Could you print the stretch of lines below from the one with "Deze stijlvolle strandtas" through the one with "お届け先情報(販売窓口による", exactly as they stand and without any pictures?
---------- Information supplied
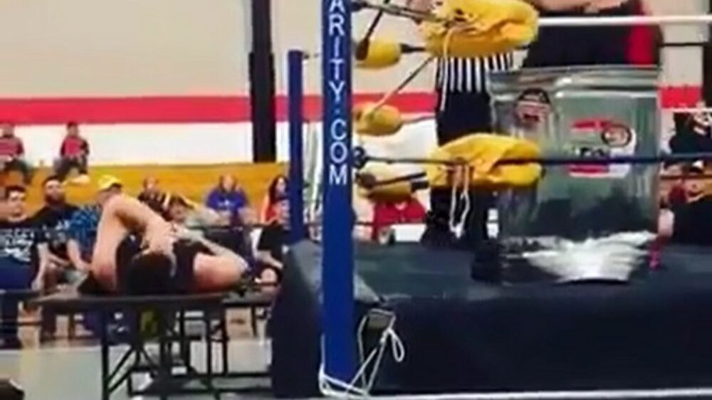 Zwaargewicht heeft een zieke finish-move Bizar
--------------------
---------- Information supplied
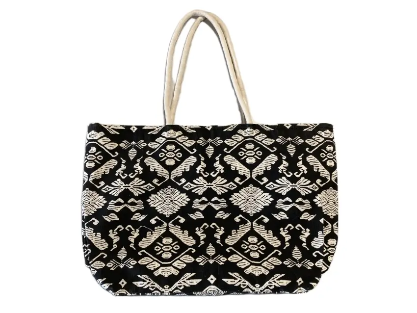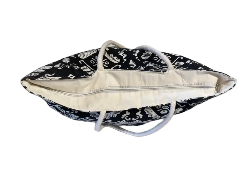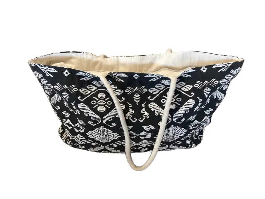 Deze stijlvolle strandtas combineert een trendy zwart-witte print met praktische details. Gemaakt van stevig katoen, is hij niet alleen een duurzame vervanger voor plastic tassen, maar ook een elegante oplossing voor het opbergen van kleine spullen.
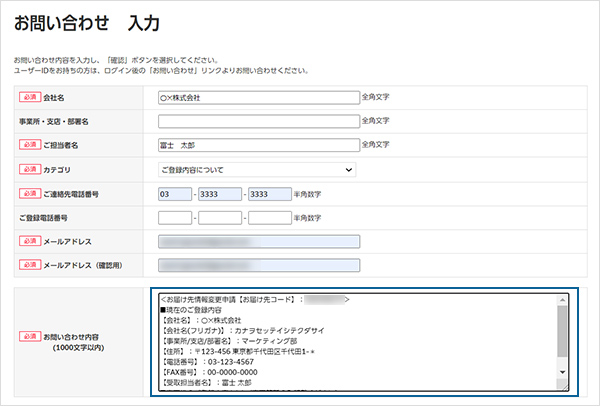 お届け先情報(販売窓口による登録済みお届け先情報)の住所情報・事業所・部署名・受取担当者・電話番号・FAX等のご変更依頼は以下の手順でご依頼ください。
--------------------
---------- Information supplied
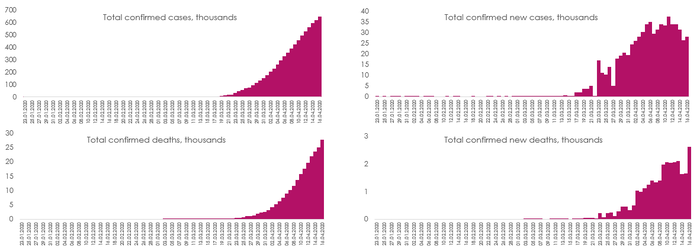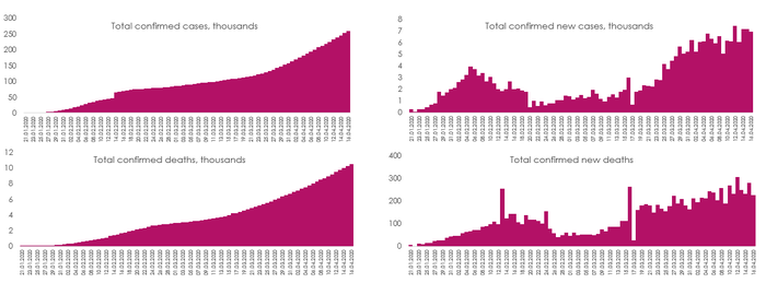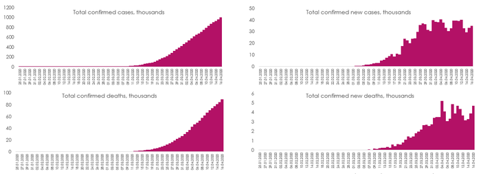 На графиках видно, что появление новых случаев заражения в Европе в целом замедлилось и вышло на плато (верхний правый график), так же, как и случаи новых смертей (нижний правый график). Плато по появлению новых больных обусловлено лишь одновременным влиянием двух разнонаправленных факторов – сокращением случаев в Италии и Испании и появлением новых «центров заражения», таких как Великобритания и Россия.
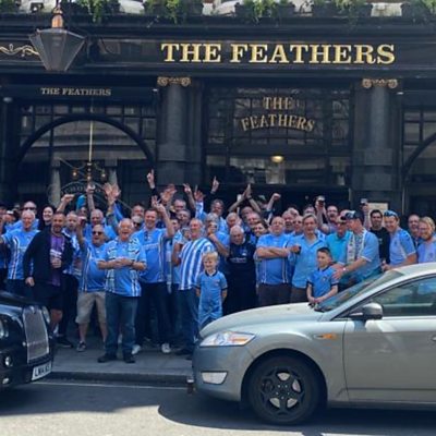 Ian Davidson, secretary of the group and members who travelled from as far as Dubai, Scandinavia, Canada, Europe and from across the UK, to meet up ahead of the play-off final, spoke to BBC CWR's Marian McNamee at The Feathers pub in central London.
--------------------
• _Solution to this exercise_
 Deze stijlvolle strandtas combineert een trendy zwart-witte print met praktische details. Gemaakt van stevig katoen, is hij niet alleen een duurzame vervanger voor plastic tassen, maar ook een elegante oplossing voor het opbergen van kleine spullen.
 お届け先情報(販売窓口による登録済みお届け先情報)の住所情報・事業所・部署名・受取担当者・電話番号・FAX等のご変更依頼は以下の手順でご依頼ください。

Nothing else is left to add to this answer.